Meta Training Llama 3 Suffers Frequent Failures, 16,384 H100 GPU Training Cluster "Strikes" Every 3 Hours

Meta A research report released by the company shows that the 16,384Nvidia H100 Graphics card clusterThere were 419 unexpected failures in 54 days, an average of one every three hours, of which more than half were caused by the graphics card or its high-bandwidth memory (HBM3).

Due to the huge scale of the system and the high degree of synchronization of tasks, a single graphics card failure may cause the entire training task to be interrupted and need to be restarted.The Meta team still maintained an effective training time of more than 90%.
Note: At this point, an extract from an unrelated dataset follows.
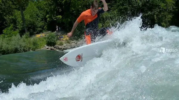 5-10x19.6x2.15. Hollow Salomon S-Core, front and tail pad, nose tip and Future fins systems, Available at the first Surf Shop in Switzerland since 1995. Please call Daniel for a appointment at the Shop located in Regensdorf. He speaks Swiss German, German, Italian, Spanish, Portuguese and English. attached illustrative Surfing pictures.

During the 54-day pre-training period, there were 466 work interruptions, of which 47 were planned and 419 were unplanned. Planned interruptions were caused by automation maintenance, while unplanned interruptions were mainly caused by hardware problems. GPU Problems are the leading cause of outages, accounting for 58.7% of unexpected outagesOnly three of these incidents required significant human intervention, with the rest managed by automation.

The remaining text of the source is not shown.